Displayed across the porch banister is a banner that proclaims “Proud Teabaggers”! This is, of course, a reference to the Tea Party, a deeply conservative political movement known for raising hell at public meetings of various kinds with loud and abusive rhetoric and threats. My part of Pennsylvania is so full of these cheerful folks that we have been featured in national media for the vocifery of our homegrown neocon radicals. Now the best part of all this is the proud adoption of the term “Teabaggers” and the teabag itself as a symbol of their movement. Sometime last summer, left-wingers started derisively labeling the members of the Tea Party movement “teabaggers”, which is, of course, a euphemism for a sex act, and can also refer to a technical angling term that describes what happens when a male fisherman wades just a bit too deep in the stream. In either case, the term is not a complement. The irony was wasted on the Tea Party folks who adopted the badge, and wear it proudly.

Good for them!

My point is; this is a pretty conservative part of the world. Remember James Carville’s characterization of Pennsylvania as “Philadelphia, Pittsburgh, and Alabama in the middle”? I am a hippy, what Garrison Keillor has called “a museum-grade liberal”. Several months ago, at a gathering of several hundred people taking in a Hoots and Hellmouth show in support of sustainable agriculture, it dawned on me that I knew or recognized almost everyone at the event. That’s because there are so few pinkos here, that it is possible to actually know every hippy in the county. So you might wonder what in God’s name I’m doing here? Why don’t I live in Missoula, or Boulder, or Santa Fe, or Eugene, or Berkley, or any of the other People’s Republics? Two reasons…
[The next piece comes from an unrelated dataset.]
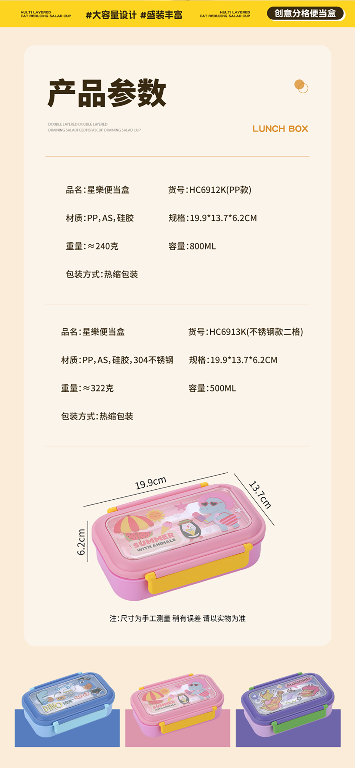 星樂(lè)卡通便當(dāng)盒PP款800ml/不銹鋼款500ml

First, I’m good for these people and they’re good for me. I have a half dozen dear old friends who are regular listeners to Glenn Beck, Rush, and other creeps, and would vote for a rattlesnake if it won the GOP nomination. I mostly don’t talk politics with them. In fact, I made a pact with one of these guys years ago that we wouldn’t talk politics anymore. After a decade of bickering we discovered that taking either of our admittedly extreme political philosophies out to a logical end point brought us to a place of convergence. Unfortunately that place was a grim and pitiless internment camp; he was in mine and I was in his. Bring your own waterboard!

Point in fact, it’s good for the country and for all of us that we’re friends. While I find conservative politics mean, exclusionary and dumb, I don’t find my conservative friends that way at all. They’re generally kind, witty, and eminently decent people. They just think differently than I do. I assume they see me in the same light. I’ll think, speak and vote as I choose, but these folks aren’t my enemies and I’m not theirs. In my view we share the same planet, country, state, county and so on, and we have to find a way to co-exist. Gettysburg is not far from my house. There you can wander the long white rows of grave stones and consider well the consequences of irreconcilable politics.

The other reason I live here debarked in the port of Philadelphia sometime in the mid 18th century. My Dad’s people, Ulster Irish Presbyterians and Welsh, arrived here straight from the hostile confines of Northern Ireland and Wales, and made for the hills. They were as tough as hell, and had names like Baker, Williams, and McClure and they were accomplished miners, loggers, and farmers. They built “Kierks” like the First Presbyterian in Carlisle, and there thanked God for his providence. They made whiskey and played fiddles. They fought with the Indians and with each other. They labored at iron furnaces and farms, hewed log cabins, and followed the long green ridges deep into the Appalachian hinterlands. You see their names hereabouts on mailboxes, campaign posters, storefronts. I have roots here that extend to bedrock, and when I climb up on White Rocks or Center Point Knob or the Pole Steeple, or drink from the Whiskey Spring, or fish in Yellow Breeches Creek I am connected to something that by now is part of my DNA. Like the stream bank sycamores and the timber rattlers and the limestone bank barns, I belong here. I will not give up on this place because I am in the political minority, and I have enough ancestral hillbilly flintiness in me to refuse to be driven away.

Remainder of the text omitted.